__ACTIVITY__. Of the material below, the lines to be retyped are those from the line containing "- Chig.C.VIII.230, with" through the line containing "Kuma badeværelsesvask med", inclusive; reproduce them exactly.
(MATERIAL SUPPLIED begins)
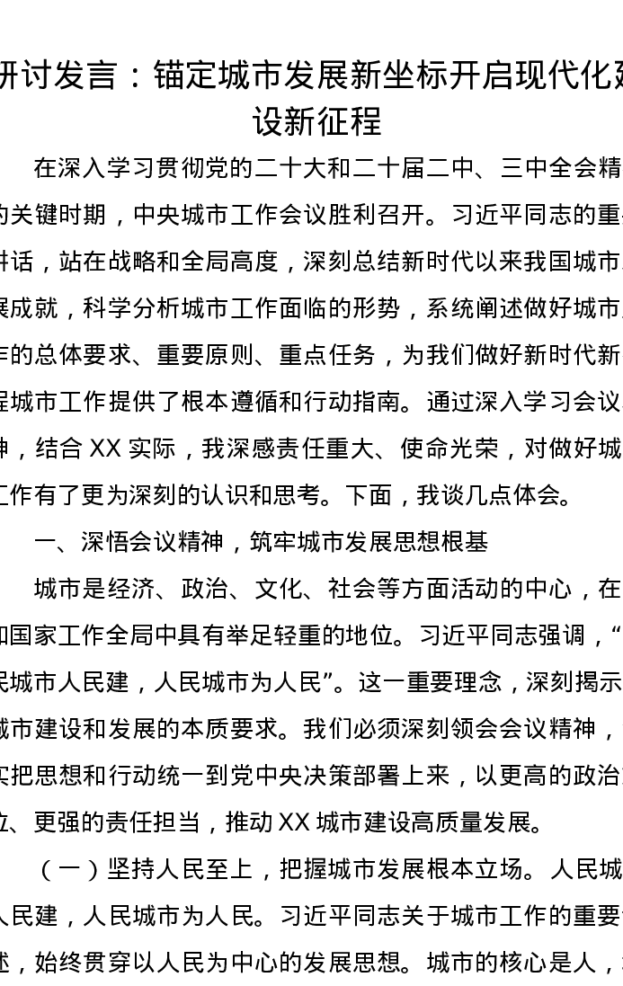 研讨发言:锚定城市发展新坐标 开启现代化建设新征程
(MATERIAL SUPPLIED ends)
(MATERIAL SUPPLIED begins)
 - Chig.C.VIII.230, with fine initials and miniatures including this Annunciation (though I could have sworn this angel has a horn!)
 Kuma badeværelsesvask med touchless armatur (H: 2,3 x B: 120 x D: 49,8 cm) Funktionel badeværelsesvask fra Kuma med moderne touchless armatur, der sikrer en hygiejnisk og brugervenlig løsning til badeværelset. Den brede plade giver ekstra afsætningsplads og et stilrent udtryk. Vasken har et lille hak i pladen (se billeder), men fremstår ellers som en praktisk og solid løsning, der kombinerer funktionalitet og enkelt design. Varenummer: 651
(MATERIAL SUPPLIED ends)
__RESPONSE BOX__.
 - Chig.C.VIII.230, with fine initials and miniatures including this Annunciation (though I could have sworn this angel has a horn!)
 Kuma badeværelsesvask med touchless armatur (H: 2,3 x B: 120 x D: 49,8 cm) Funktionel badeværelsesvask fra Kuma med moderne touchless armatur, der sikrer en hygiejnisk og brugervenlig løsning til badeværelset. Den brede plade giver ekstra afsætningsplads og et stilrent udtryk. Vasken har et lille hak i pladen (se billeder), men fremstår ellers som en praktisk og solid løsning, der kombinerer funktionalitet og enkelt design. Varenummer: 651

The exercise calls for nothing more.